Jamie Lee Curtis admitted in an interview with Variety that H20 “...ended up being a money gig...It talked about alcoholism and trauma, but I just did it for the money”. I’d argue that H20 tackled the subject of PTSD in greater depth than HALLOWEEN (2018). There’s little actual meat on the bone for her character Laurie besides recreating key moments from the original by inverting those scenes whereby she’s now in Myer’s place, e.g. watching her granddaughter in class from across the street, or disappearing from the lawn after a fall when Michael peers over the balcony. (Admittedly these are nice touches, although ultimately they just serve as callback reminders to confirm how vastly superior the original was.) There’s only one actual glimpse of footage from Carpenter’s 1978 film, the murder of Judith Myers by the young Michael.
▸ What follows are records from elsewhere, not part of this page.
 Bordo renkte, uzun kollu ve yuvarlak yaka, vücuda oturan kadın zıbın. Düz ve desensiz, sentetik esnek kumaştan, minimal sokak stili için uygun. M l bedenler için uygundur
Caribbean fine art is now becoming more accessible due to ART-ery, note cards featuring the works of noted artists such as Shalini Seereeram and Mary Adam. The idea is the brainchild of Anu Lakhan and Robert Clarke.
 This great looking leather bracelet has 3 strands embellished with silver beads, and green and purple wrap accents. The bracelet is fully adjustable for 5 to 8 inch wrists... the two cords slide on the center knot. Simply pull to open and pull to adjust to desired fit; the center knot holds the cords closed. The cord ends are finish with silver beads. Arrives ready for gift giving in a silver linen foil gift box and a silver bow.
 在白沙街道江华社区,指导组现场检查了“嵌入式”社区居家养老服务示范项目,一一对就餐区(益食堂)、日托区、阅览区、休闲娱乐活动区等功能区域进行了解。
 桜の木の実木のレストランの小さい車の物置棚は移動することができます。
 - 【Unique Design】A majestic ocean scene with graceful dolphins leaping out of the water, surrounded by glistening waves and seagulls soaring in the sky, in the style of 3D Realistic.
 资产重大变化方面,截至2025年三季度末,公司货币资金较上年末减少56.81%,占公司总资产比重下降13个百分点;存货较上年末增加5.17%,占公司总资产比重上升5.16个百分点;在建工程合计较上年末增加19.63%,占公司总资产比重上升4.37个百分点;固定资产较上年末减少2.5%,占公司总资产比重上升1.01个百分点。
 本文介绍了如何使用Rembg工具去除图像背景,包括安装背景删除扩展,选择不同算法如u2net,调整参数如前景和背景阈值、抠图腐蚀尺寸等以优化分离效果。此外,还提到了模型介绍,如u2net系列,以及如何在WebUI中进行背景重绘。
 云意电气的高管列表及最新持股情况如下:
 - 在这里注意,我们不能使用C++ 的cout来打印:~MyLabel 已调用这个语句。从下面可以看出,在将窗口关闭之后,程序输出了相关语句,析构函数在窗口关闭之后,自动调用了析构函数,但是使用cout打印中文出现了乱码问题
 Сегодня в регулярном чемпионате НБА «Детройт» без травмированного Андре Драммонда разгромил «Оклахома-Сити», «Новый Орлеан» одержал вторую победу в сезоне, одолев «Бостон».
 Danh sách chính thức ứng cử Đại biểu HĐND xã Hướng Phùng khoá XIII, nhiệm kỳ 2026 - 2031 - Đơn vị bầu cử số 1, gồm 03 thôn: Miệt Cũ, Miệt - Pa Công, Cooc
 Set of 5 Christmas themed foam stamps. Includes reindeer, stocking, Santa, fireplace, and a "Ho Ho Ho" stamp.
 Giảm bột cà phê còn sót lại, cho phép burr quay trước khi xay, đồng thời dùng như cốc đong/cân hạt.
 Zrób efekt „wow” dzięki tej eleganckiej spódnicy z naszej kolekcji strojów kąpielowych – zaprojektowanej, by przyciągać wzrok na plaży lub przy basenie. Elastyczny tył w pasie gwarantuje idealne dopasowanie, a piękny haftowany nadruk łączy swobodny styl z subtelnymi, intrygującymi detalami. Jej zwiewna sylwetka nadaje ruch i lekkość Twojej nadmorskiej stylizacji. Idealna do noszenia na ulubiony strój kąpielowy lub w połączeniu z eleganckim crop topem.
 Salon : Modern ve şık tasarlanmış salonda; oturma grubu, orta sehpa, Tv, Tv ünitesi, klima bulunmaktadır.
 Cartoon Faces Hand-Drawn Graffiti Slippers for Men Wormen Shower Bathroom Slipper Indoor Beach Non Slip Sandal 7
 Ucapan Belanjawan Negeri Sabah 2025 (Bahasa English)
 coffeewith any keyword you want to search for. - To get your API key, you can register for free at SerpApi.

Bizarrely, the writers have decided to big up the ‘facts’ by adding further grisly details as to what Judith’s younger sibling supposedly did to her. Narrated by podcaster Aaron, the footage (naturally) doesn’t bear any resemblance to what he is actual describing. Now that’s retcon, with the emphasis very much on ‘con’.

Carpenter’s revised and remixed score, in collaboration with son Cody Carpenter and Daniel A. Davies is a fantastic pulsating celebration of electronic menace which rocks, unlike the accompanying visuals which sadly do not.

As the final end credits roll and just before the Universal logo returns, the sound of Michael’s breathing is introduced just in case anyone is in any doubt that a sequel is on the cards. Given the remarkable box-office haul already, I’d say it’s almost certain we’ll get another round with Michael and Laurie. Will John Carpenter be involved again? To quote from a Den of Geek interview when asked about sequels to any of his other films: “I don’t know, but I’m up for almost anything that involves money.”